A file with .pdb extension is a program database file that contains debugging information for a compiled executable (EXE/DLL). PDB files are generated by Microsoft Compilers when an application program is compiled in debug mode. The presence of PDB file can help in reverse engineering an executable as it contains significant information about all symbols of the modules. It is for this reason that these files are kept separate from the final executable. Microsoft’s DgbHelp API can open a PDB file to obtain information such as publics and exports, global symbols, local symbols, type data, source files and line numbers.
PDB File Format
PDB is Microsoft’s proprietary file format and has not been officially documented anywhere yet. However, a starting documentation is available here and can be referenced.
PDB files consist of multiple streams where each stream acts as a virtual individual file and contains information. PDB file writers can write to these files and the file is finalized only after an explicit commit is issued. A compiler can keep writing to a PDB file but commit only if all user code compiles successfully.
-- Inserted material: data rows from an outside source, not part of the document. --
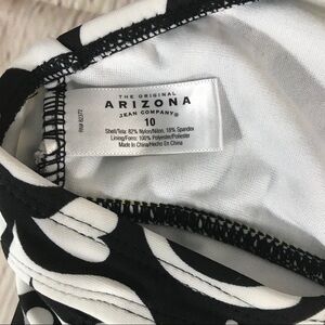 Arizona girls swimsuit tankini. Black and white hearts, flowers, Peace signs design with yellow trim. Size 10. Great condition. No rips or holes..There is one small spot on the back from chlorine. Please see attached photo for reference. Smoke free home.
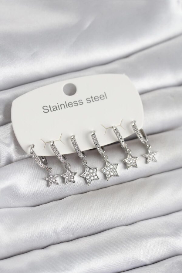 Tegan 316L Çelik Gümüş Renk 6’lı Set Yıldız Model Kadın Küpe TG27BKP11752
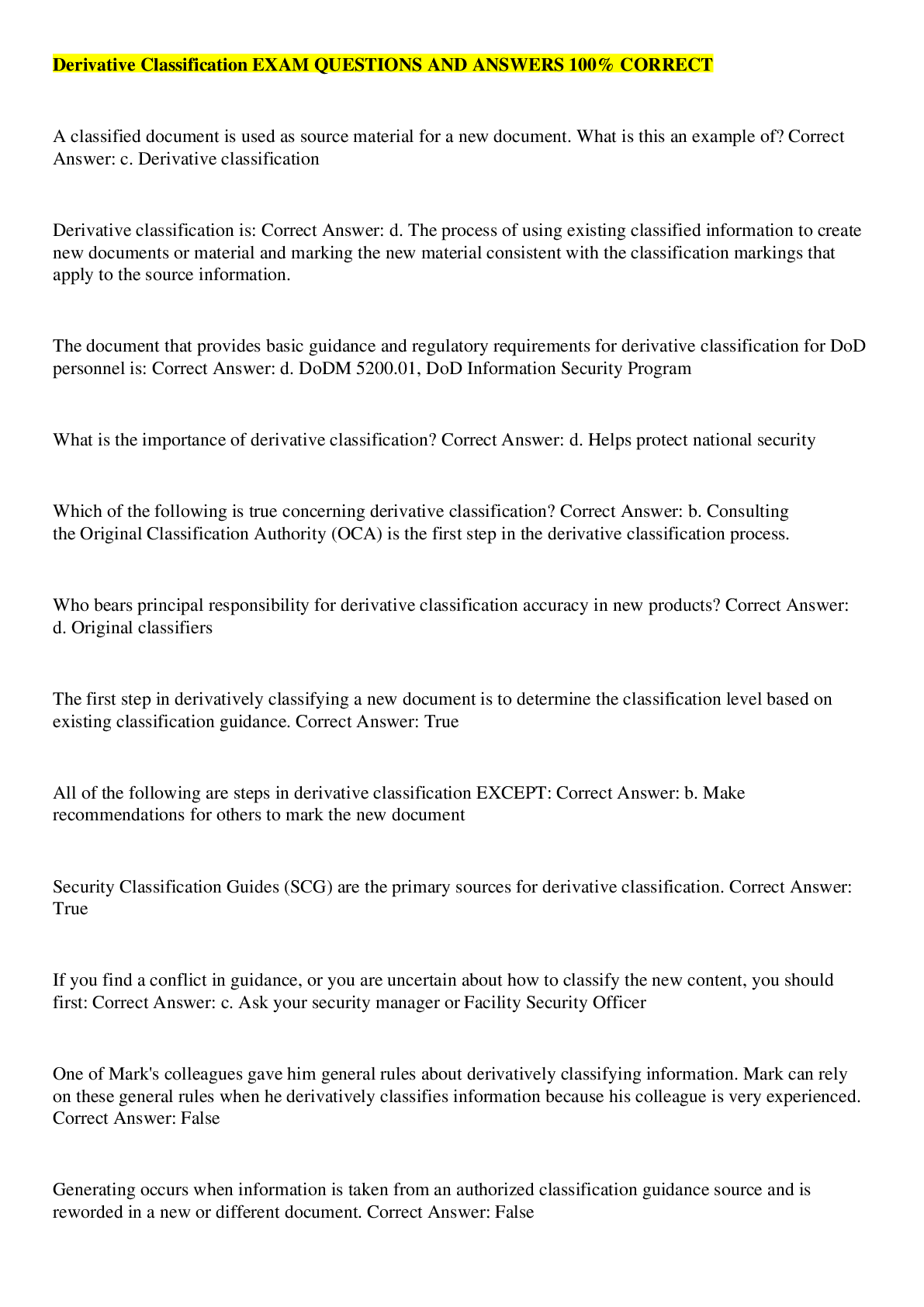 Education > EXAM > Derivative Classification EXAM QUESTIONS AND ANSWERS 100% CORRECT

A PDB file consists of following streams:
Version information, and information to connect this PDB to the EXE
Tpi (Type manager)
All the types used in the executable.
Dbi (Debug information)
Holds section contributions, and list of ‘Mods’
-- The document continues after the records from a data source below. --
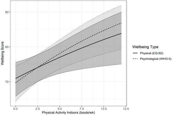 The association between the predictor variable, Physical Activity Indoors, and outcome variables, mean Physical (EQ-5D) and Psychological (WHO-5) Wellbeing scores, estimated from the GLMEM model. The grey areas designate the 95% confidence bands.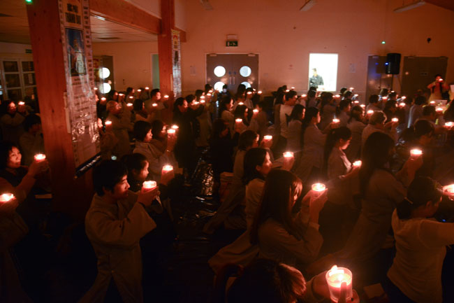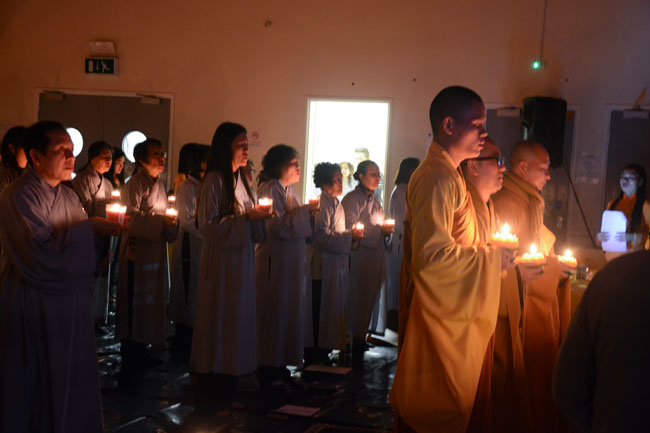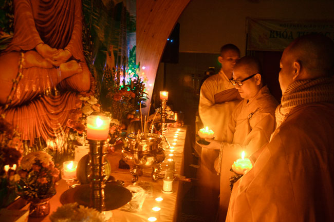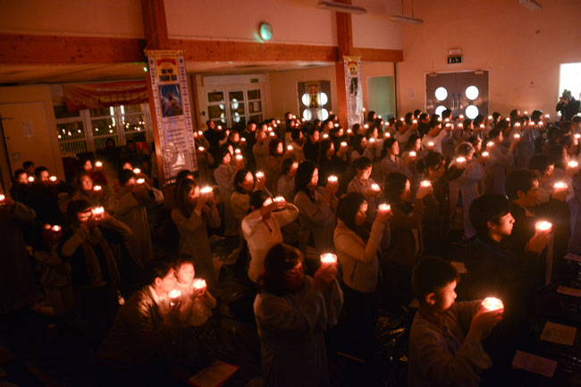 In the evening of same day was the ritual transmitting\r\nlights. The sparkling, small candles were transferred together, which brings\r\nthe endless wisdom light and spreads the unlimited love to everyone. Wishing\r\nthat its light will travel widely, dispel the dark, and send the wise material,\r\nBuddha Sakyamuni’s love to all places, where there is sleeping deep of\r\nignorance and it will offer their sincere heart to show gratitude to Him, who\r\nleads the way, instructs the beings of knowing the Buddha dharma and looking\r\nfor returning of their self nature.
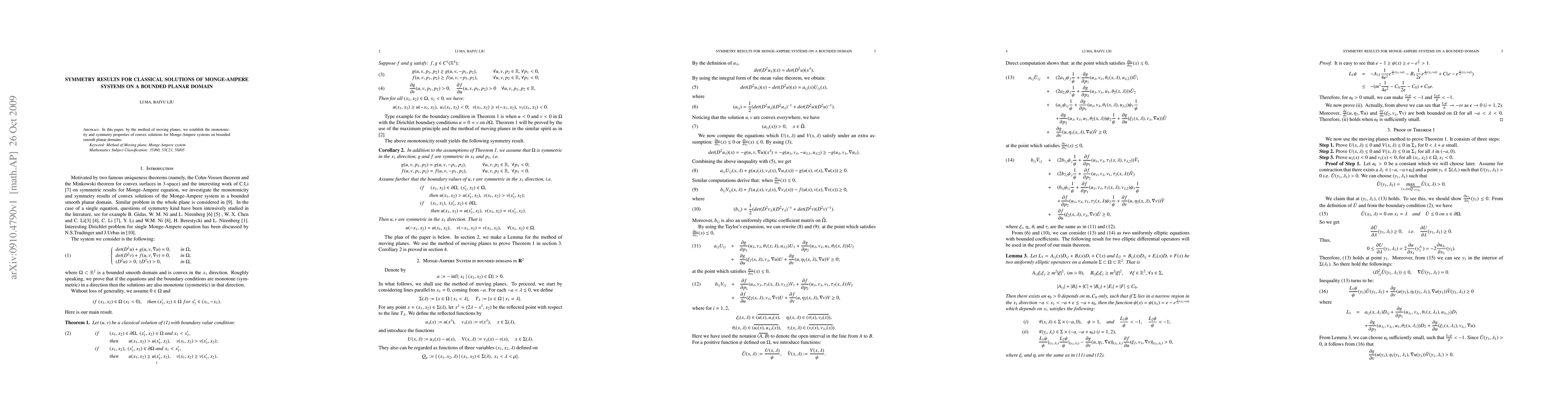 In this paper, by the method of moving planes, we establish the monotonicity and symmetry properties of convex solutions for Monge-Ampere systems on bounded smooth planar domains.

Holds a hashed string table
n Mod’s (Module information)
Each Mod stream holds symbols and line numbers for one compiland
Global symbol hash
An index that allows searching in global symbols by name
Public symbol hash
An index that allows searching in public symbols by addresses
Actual symbol records of global and public symbols
Hash used by the TPI stream.
Each stream in a PDB file comprises of several pages which are not necessarily consecutively numbered.
A PDB file beings with a Header that consists of a signature for identifying and validating the specific format. The length of the signature depends on the PDB format. The header may be longer than a single page.
The PDB metadata is responsible to recognize all of the component streams, giving the length, and sequence of pages for each stream. Orders are given to streams consecutively; starting with 0. There is also a an un-ordered root stream, which contains some of the metadata.